Si on estime, dès le départ, qu’une culture est essentiellement supérieure à une autre, on sera toujours amené à adopter aussi une attitude d’ethnocentrisme qui comporte bien souvent un refus des autres cultures. Par définition, l’acception « ethnocentrisme » s’exprime donc comme étant le refus de la diversité des cultures. Ce phénomène, alors considéré comme naturel, se manifeste par la négation des cultures « autres » que la sienne. En d’autres termes, le phénomène d’ethnocentrisme, caractérisé par le mépris des « autres » cultures, se caractérise par la réduction à rien des autres expressions culturelles quand on les compare à sa propre culture. Il s’agit en termes simples de la répudiation pure et simple des autres cultures et d’une négation des autres cultures par assimilation à soi.
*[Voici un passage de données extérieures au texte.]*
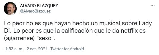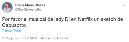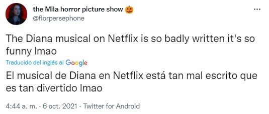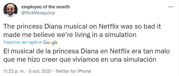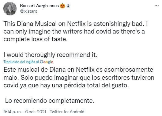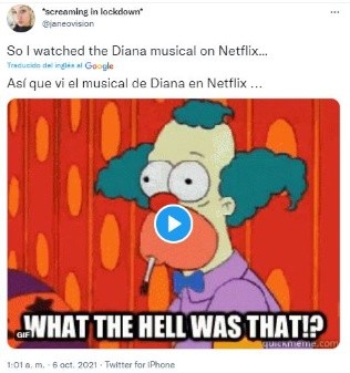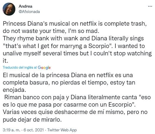 Desde la semana pasada, Diana ya está disponible en Netflix con un elenco que se completa con Judy Kaye como la Reina Isabel II, Ron Hartrampf como el Príncipe Carlos y Erin Davie como la Duquesa Camila. En noviembre de este año, tendrá su reestreno en Broadway y apunta a ser un éxito. Sin embargo, las primeras opiniones de quienes disfrutaron la producción son terribles. “El musical de la Princesa Diana en Netflix es una basura, no pierdan su tiempo”, escribió uno de los usuarios y generó una ola de críticas muy diferentes a lo que sucedió con The Crown. ¡Mira aquí algunas de las opiniones!
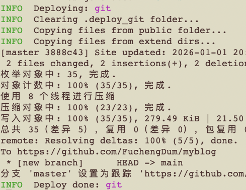 确认无误之后,执行以下命令推送到GitHub仓库,推送过后,GitHub Pages以及Cloudflare Pages会自动拉取新的仓库版本进行发布

On constate que l’affirmation de leurs valeurs culturelles chez les étrangers s’est réduit souvent au rejet pur et simple des autres cultures qu’ils ont dominées. En effet, cette négation d’autrui se concrétise de différentes façons : soit verbale, soit physique. Souvent d’ailleurs, la notion d’ethnocentrisme renvoie à un vocabulaire ayant un sens péjoratif : sauvagerie ou barbarie. Ainsi l’expression « barbare », chez les Grecs, renvoyait directement au rejet des autres manières de vivre, de croire, de penser, qui apparaissaient étrangères à leur propre vision du monde. Il arrive alors de constater que la société européenne, dite « développée » a une certaine tendance à valoriser cette attitude ethnocentrique pour minimiser et ignorer les autres identités culturelles voire nier les autres sociétés et les individus qui les composent.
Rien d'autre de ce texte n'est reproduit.